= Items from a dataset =

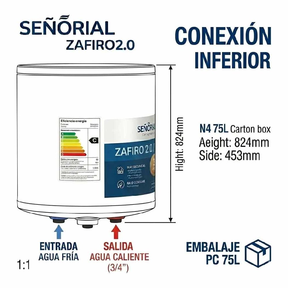 El termotanque eléctrico Señorial Zafiro 2.0 de 75 litros es una solución eficiente y confiable para el suministro de agua caliente en el hogar. Diseñado para ofrecer un rendimiento constante, combina tecnología avanzada con materiales de alta calidad que garantizan durabilidad y confort diario.
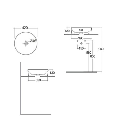 Νιπτήρας ένθετος Variant από λευκή γυαλιστερή πορσελάνη, στρογγυλός με διάμετρο 42 cm και ύψος 6 cm...
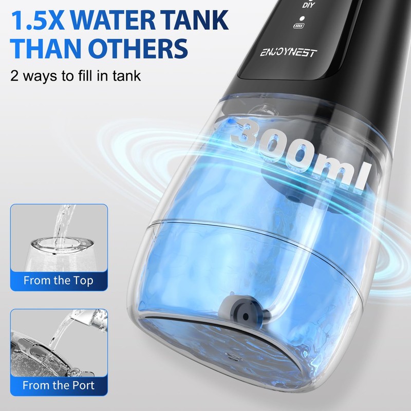 - đŠăLarge Water Tank & High-Capacity BatteryăThe ear wax remover has a large 300ml water tank that can provide enough water for a single ear cleaning session. The ear wax removal kit has a Type-C data line and a 2500mAh battery, providing up to 3 hours of continuous use on a full charge. The back of the tank is for easy refilling and a water collector is for hassle-free wastewater disposal.
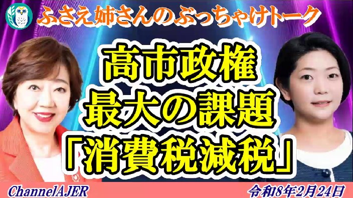 ふさえ姉さんのぶっちゃけトーク「高市政権の最大の課題『消費栄減税』」 太田房江&大沼瑞穂 AJER2026.2.24(6)
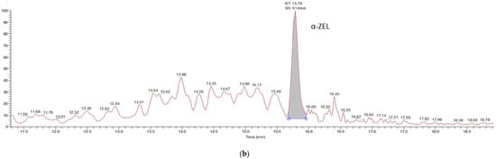 For each analyte considered, selectivity limit of detection (LOD) and limit of quantification (LOQ) were obtained using not-contaminated urine as blank. Selectivity was assessed by checking the absence of interferences for the chosen mass transitions. Moreover, the detection of the different mycotoxins was performed dividing the run in three different time segments on the basis of the analyte retention times: in the first segment the transitions of DON, DOM-1, and DON-3-GlcA were monitored, in the second those of FB1, while in the third those of ZEN and its derivatives. Values for LOD and LOQ were 0.32 and 1.07 µg/L for DON, 0.13 and 0.43 µg/L for DON-GlcA, 0.003 and 0.009 µg/L for ZEN, 0.09 and 0.30 µg/L for ZEN14GlcA, 0.03 and 0.09 µg/L for ZELs, 0.05 and 0.17 µg/L for FB1. A stock solution at the concentration of 50 µg/L of all considered analytes was prepared using a blank urine extract as solvent. Then, calibration curves were obtained by diluting the stock solutions at five different concentration levels in the range 10–200 µg/L. Recovery rate percentages (RR%) were calculated for DON, ZEN, αZEL, and βZEL and FB1 by extracting and analyzing one blank urine sample spiked with a concentration of 50 µg/L of each analyte. All the RR% values were in the range 90%–100%. Recovery was slightly lower for conjugates (DON-Glc, ZEN14Glc) in consideration of the higher polarity of these compounds (RR% > 80%). A chromatogram of standard mixture and of a urine sample containing α-ZEL is reported in Figure 1.
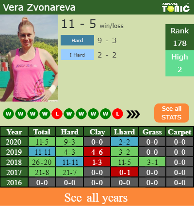 Vera has a 11-5 win-loss record in 2020, 9-3 on hard (See FULL STATS).
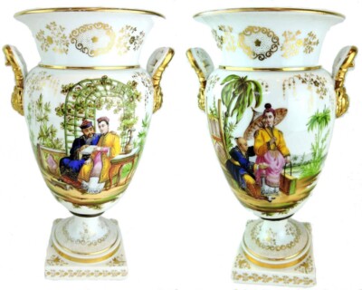 • Pair Old Paris Porcelain, French Vases with Chinese Figural Paintings, c. 1860
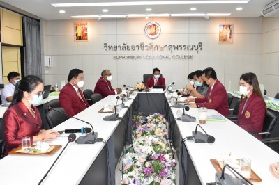 วันที่ 13 มิถุนายน 2565 วิทยาลัยอาชีวศึกษาสุพรรณบุรี โดย ดร.ศรากร บุญปถัมภ์ ผู้อำนวยการฯ ต้อนรับคณะกรรมการติดตามและประเมินผลการใช้หลักสูตรประกาศนียบัตรวิชาชีพ พุทธศักราช 2562 ประเภทวิชาคหกรรม สาขาวิชาอาหารและโภชนาการ ณ ห้องประชุมอุบล วิทยาลัยอาชีวศึกษาสุพรรณบุรี
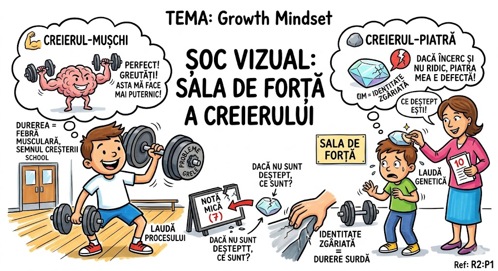 Imagineaza-ti doi copii la sala de forta a scolii. Copilul 1 crede ca are un muschi mic in cap β "Creierul-Muschi" πͺ. Stie ca, daca merge la sala (studiaza, exerseaza, greseste), muschiul creste. Cand da de o greutate mare (problema grea), zice: "Perfect! Greutati! Asta ma face mai puternic!" Dupa antrenament il doare (nota mica) β dar stie ca durerea e febra musculara, semnul ca muschiul creste. Copilul 2 crede ca are o piatra pretioasa in cap β "Creierul-Piatra" πͺ¨. Treaba lui e sa o protejeze. Sa n-o zgarie nimeni. Cand vede greutatile (problema grea), fuge: "Daca incerc si nu ridic, inseamna ca piatra mea e defecta!" Mama Geta, fara sa stie, ii lustruia piatra copilului. "Ce destept esti!" dupa fiecare 10. "Esti talentata la desen!" dupa fiecare soare desenat. Intr-o zi, copilul a primit un 7. Piatra s-a zgariat. A plans isteric β nu din cauza notei, ci din cauza identitATii: "Daca nu sunt destept, ce sunt?" A simtit o durere surdA in piept, ca atunci cand strangi prea tare o piatra in pumn si muchiile ti se imprima in palma β nu sange, dar o senzatie de presiune care nu trece.
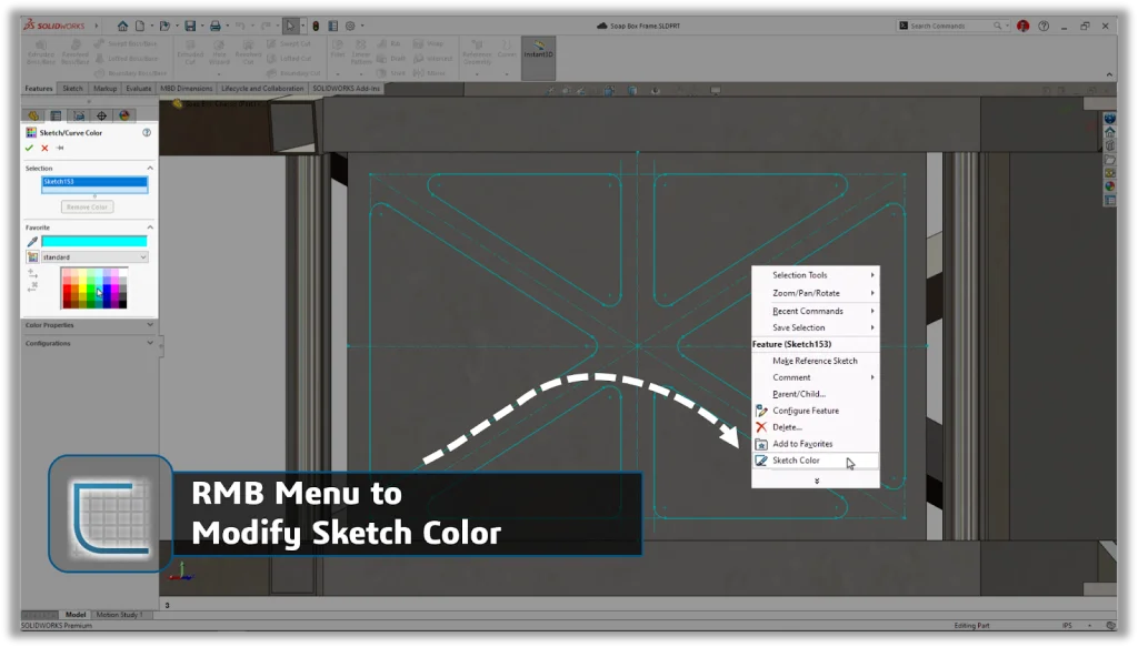 Available in SOLIDWORKS 2024 FD02/SP2, users can access the sketch color dialogue through the right mouse click button menu.
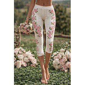 Mulheres Calças Capri chinês Leggings Férias Vintage Roupa de rua Comprimento da panturrilha Cintura Alta Floral Gráfico Estampado Conforto Macio Confortável Com Stretch Diário Ao ar livre Férias
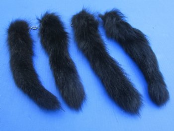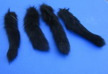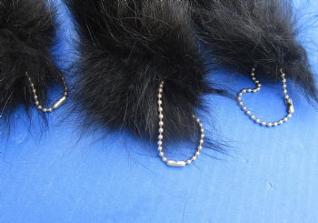 Wholesale Tanned Dyed Black Raccoon tails for sale, they measure between approximately 10 to 13 inches long with an attached ball chain. No 2 will be identical. These raccoon tails are from wild raccoon and will have imperfections that are normally found on all wild animals.
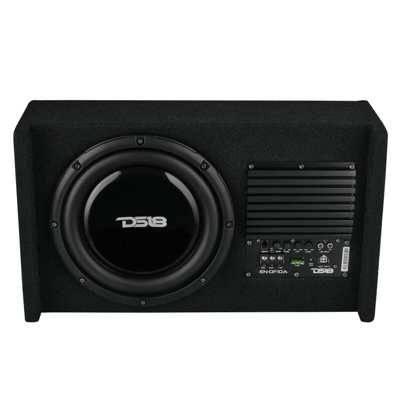 DS18 Single 10in Shallow Subwoofer & Enclosure 300 Watt RMS Downfiring Sealed Black Carpet Amplified
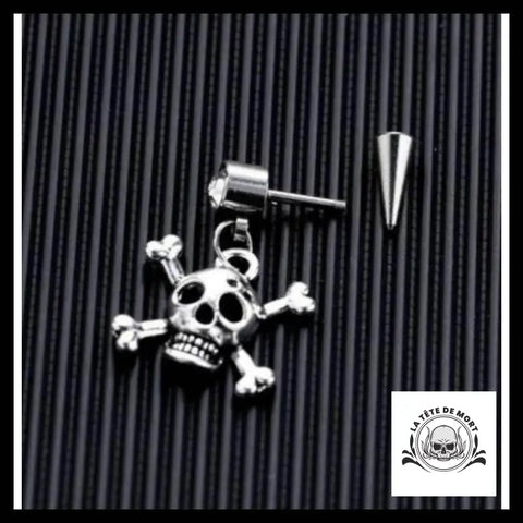 Boucles d'oreilles têtes de mort dont le style rappelle un drapeau de pirate, les tiges décorées d'un strass ont une fermeture à vis comme un piercing, vous ne risquez pas de les perdre !
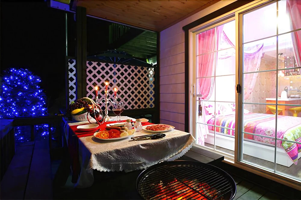 Среди развлечений на территории — площадка для барбекю. Персонал апартаментов говорит на корейском.

= What is needed =
With the pictures set aside, copy each line above as written.

= Response to this task =
 El termotanque eléctrico Señorial Zafiro 2.0 de 75 litros es una solución eficiente y confiable para el suministro de agua caliente en el hogar. Diseñado para ofrecer un rendimiento constante, combina tecnología avanzada con materiales de alta calidad que garantizan durabilidad y confort diario.
 Νιπτήρας ένθετος Variant από λευκή γυαλιστερή πορσελάνη, στρογγυλός με διάμετρο 42 cm και ύψος 6 cm...
 - đŠăLarge Water Tank & High-Capacity BatteryăThe ear wax remover has a large 300ml water tank that can provide enough water for a single ear cleaning session. The ear wax removal kit has a Type-C data line and a 2500mAh battery, providing up to 3 hours of continuous use on a full charge. The back of the tank is for easy refilling and a water collector is for hassle-free wastewater disposal.
 ふさえ姉さんのぶっちゃけトーク「高市政権の最大の課題『消費栄減税』」 太田房江&大沼瑞穂 AJER2026.2.24(6)
 For each analyte considered, selectivity limit of detection (LOD) and limit of quantification (LOQ) were obtained using not-contaminated urine as blank. Selectivity was assessed by checking the absence of interferences for the chosen mass transitions. Moreover, the detection of the different mycotoxins was performed dividing the run in three different time segments on the basis of the analyte retention times: in the first segment the transitions of DON, DOM-1, and DON-3-GlcA were monitored, in the second those of FB1, while in the third those of ZEN and its derivatives. Values for LOD and LOQ were 0.32 and 1.07 µg/L for DON, 0.13 and 0.43 µg/L for DON-GlcA, 0.003 and 0.009 µg/L for ZEN, 0.09 and 0.30 µg/L for ZEN14GlcA, 0.03 and 0.09 µg/L for ZELs, 0.05 and 0.17 µg/L for FB1. A stock solution at the concentration of 50 µg/L of all considered analytes was prepared using a blank urine extract as solvent. Then, calibration curves were obtained by diluting the stock solutions at five different concentration levels in the range 10–200 µg/L. Recovery rate percentages (RR%) were calculated for DON, ZEN, αZEL, and βZEL and FB1 by extracting and analyzing one blank urine sample spiked with a concentration of 50 µg/L of each analyte. All the RR% values were in the range 90%–100%. Recovery was slightly lower for conjugates (DON-Glc, ZEN14Glc) in consideration of the higher polarity of these compounds (RR% > 80%). A chromatogram of standard mixture and of a urine sample containing α-ZEL is reported in Figure 1.
 Vera has a 11-5 win-loss record in 2020, 9-3 on hard (See FULL STATS).
 • Pair Old Paris Porcelain, French Vases with Chinese Figural Paintings, c. 1860
 วันที่ 13 มิถุนายน 2565 วิทยาลัยอาชีวศึกษาสุพรรณบุรี โดย ดร.ศรากร บุญปถัมภ์ ผู้อำนวยการฯ ต้อนรับคณะกรรมการติดตามและประเมินผลการใช้หลักสูตรประกาศนียบัตรวิชาชีพ พุทธศักราช 2562 ประเภทวิชาคหกรรม สาขาวิชาอาหารและโภชนาการ ณ ห้องประชุมอุบล วิทยาลัยอาชีวศึกษาสุพรรณบุรี
 Imagineaza-ti doi copii la sala de forta a scolii. Copilul 1 crede ca are un muschi mic in cap β "Creierul-Muschi" πͺ. Stie ca, daca merge la sala (studiaza, exerseaza, greseste), muschiul creste. Cand da de o greutate mare (problema grea), zice: "Perfect! Greutati! Asta ma face mai puternic!" Dupa antrenament il doare (nota mica) β dar stie ca durerea e febra musculara, semnul ca muschiul creste. Copilul 2 crede ca are o piatra pretioasa in cap β "Creierul-Piatra" πͺ¨. Treaba lui e sa o protejeze. Sa n-o zgarie nimeni. Cand vede greutatile (problema grea), fuge: "Daca incerc si nu ridic, inseamna ca piatra mea e defecta!" Mama Geta, fara sa stie, ii lustruia piatra copilului. "Ce destept esti!" dupa fiecare 10. "Esti talentata la desen!" dupa fiecare soare desenat. Intr-o zi, copilul a primit un 7. Piatra s-a zgariat. A plans isteric β nu din cauza notei, ci din cauza identitATii: "Daca nu sunt destept, ce sunt?" A simtit o durere surdA in piept, ca atunci cand strangi prea tare o piatra in pumn si muchiile ti se imprima in palma β nu sange, dar o senzatie de presiune care nu trece.
 Available in SOLIDWORKS 2024 FD02/SP2, users can access the sketch color dialogue through the right mouse click button menu.
 Mulheres Calças Capri chinês Leggings Férias Vintage Roupa de rua Comprimento da panturrilha Cintura Alta Floral Gráfico Estampado Conforto Macio Confortável Com Stretch Diário Ao ar livre Férias
 Wholesale Tanned Dyed Black Raccoon tails for sale, they measure between approximately 10 to 13 inches long with an attached ball chain. No 2 will be identical. These raccoon tails are from wild raccoon and will have imperfections that are normally found on all wild animals.
 DS18 Single 10in Shallow Subwoofer & Enclosure 300 Watt RMS Downfiring Sealed Black Carpet Amplified
 Boucles d'oreilles têtes de mort dont le style rappelle un drapeau de pirate, les tiges décorées d'un strass ont une fermeture à vis comme un piercing, vous ne risquez pas de les perdre !
 Среди развлечений на территории — площадка для барбекю. Персонал апартаментов говорит на корейском.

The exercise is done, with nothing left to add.